Julie Benko (born March 24, 1989) is an American actress. Benko is known for her portrayal as the alternate Fanny Brice in the Broadway revival of Funny Girl (2022).

Early life and education 
Benko was born on March 24, 1989.  When she was three years old, her family moved to Fairfield, Connecticut. She attended Fairfield Ludlowe High School, in Fairfield, Connecticut. When Benko was 14, she was cast as Hodel in the musical Fiddler on the Roof which was her first theatre production, organized at a local Jewish Community Center in Bridgeport, Connecticut. Her parents and sister were also cast. In 2007, she portrayed Lizzie in Baby, alongside her father at the Curtain Call Theater in Stamford, Connecticut. Benko graduated from New York University's Tisch School of the Arts in 2013 and 2021 with a Bachelor of Fine Arts in Drama and a Master of Fine Arts in Acting, respectively.

Career 
Benko first began her professional acting career in 2008 when she understudied five roles in the national tour of Spring Awakening. She later joined the 25th anniversary tour of Les Misérables as an ensemble member and the understudy of Cosette, ultimately taking over the role of Cosette full time. Benko has also played multiple Off-Broadway and regional roles, such as Girl in Once and Emily Webb in Our Town. From 2015 to 2016, she was the understudy of both Hodel and Chava and covered six other roles in the Broadway production of Fiddler on the Roof. In 2017, she won the gold medal at the national American Traditions Vocal Competition in Savannah, Georgia. 

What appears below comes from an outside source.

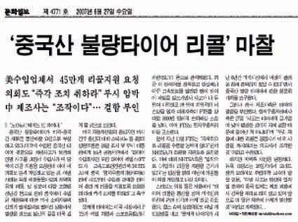 중국산 불량타이어가 미국-중국간 새로운 통산마찰 요인으로 부상하고 있다.미국에 수입된 중국산 타이어 결함으로 차량사고가 발생해 인명 사고를 내면서 수입사가 미 당국에 리콜 지원을 요청한데 이어 미 의회도 본격 개입하고 있는 것. 이번 사태는 특히 애완동물사료와 치약의 유해 파동, 납 성분이 다량 포함된 장난감 등으로 인해 중국에서 수입된 제품들에 대한 미국 소비자들의 신뢰가 떨어질대로 떨어진 상황에서 발생한 것으로 불신의 골을 더욱 깊게 할 것으로 보인다.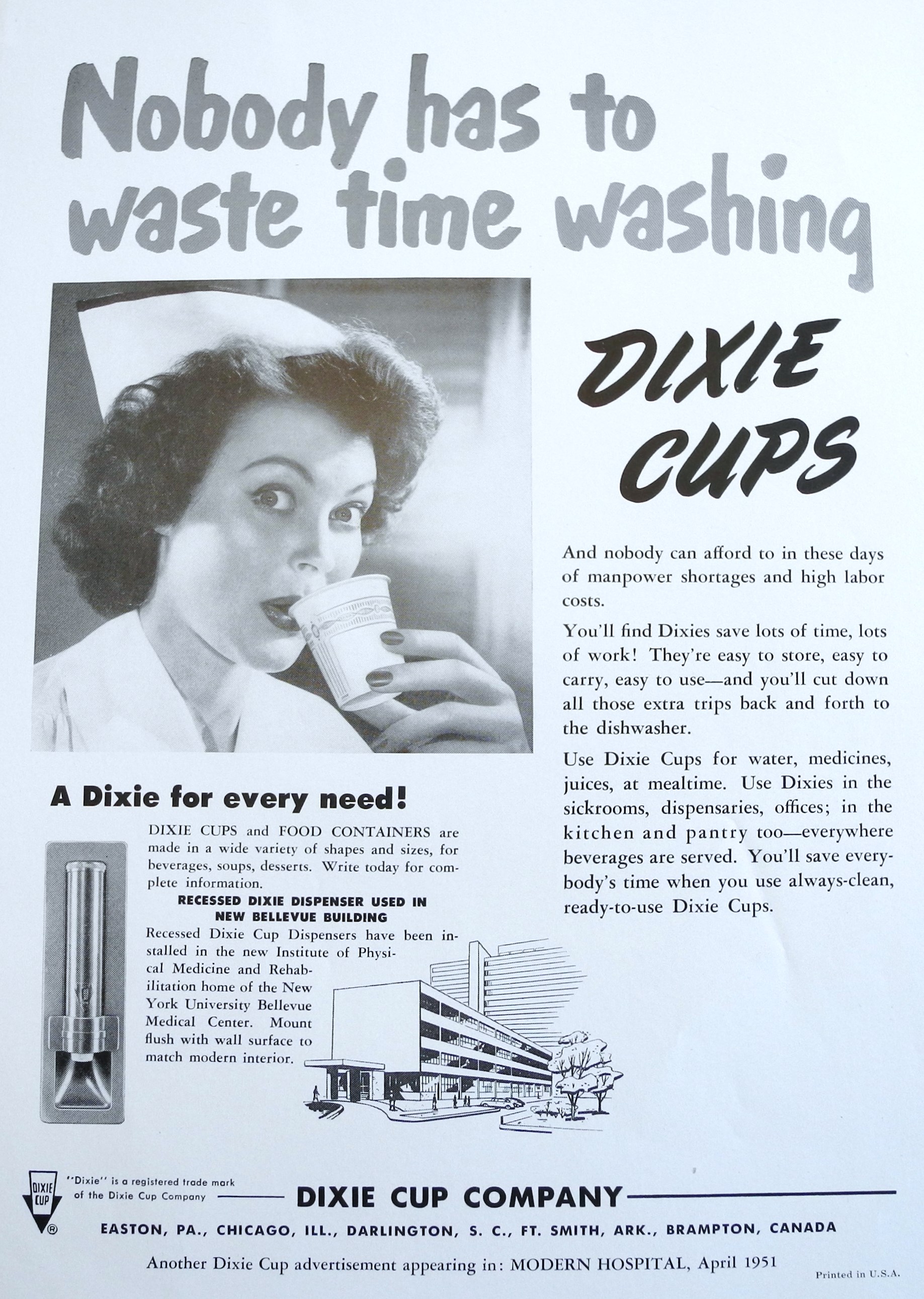 Dixie advertisement for Modern Hospital, 1951. (Hugh Moore Dixie Cup Company Collection, Special Collections and College Archives, Skillman Library, Lafayette College.)

Benko released her debut jazz album Introducing Julie Benko on October 20, 2017, which includes "Tomorrow Is A Day For You," a song celebrating the legalization of same-sex marriage in the landmark case Obergefell v. Hodges.

Benko made her debut as a director and writer for the short film The Newlywed's Guide to Physical Intimacy in 2020, which is about a Hasidic Jewish couple on their wedding night. The film received honorable mentions and awards from the New Faces New Voices Audience Choice Award and the Online New England Film Festival Award.

Benko standby for the role of Fanny Brice in the 2022 Broadway revival of Funny Girl, with her first performance on April 29, 2022. Starting on August 2, 2022, she became a replacement for Beanie Feldstein following her leave from the show, and became Fanny Brice alternate on September 6, 2022 once Lea Michele took over the role. Her performance was met with positive reviews, with The New York Times naming her as the "2022 Breakout Star" for Theatre. She was listed as one of Crain's New York Business "2022 40 Under 40", and The New York Sun called her "[t]he Fanny Brice of our time."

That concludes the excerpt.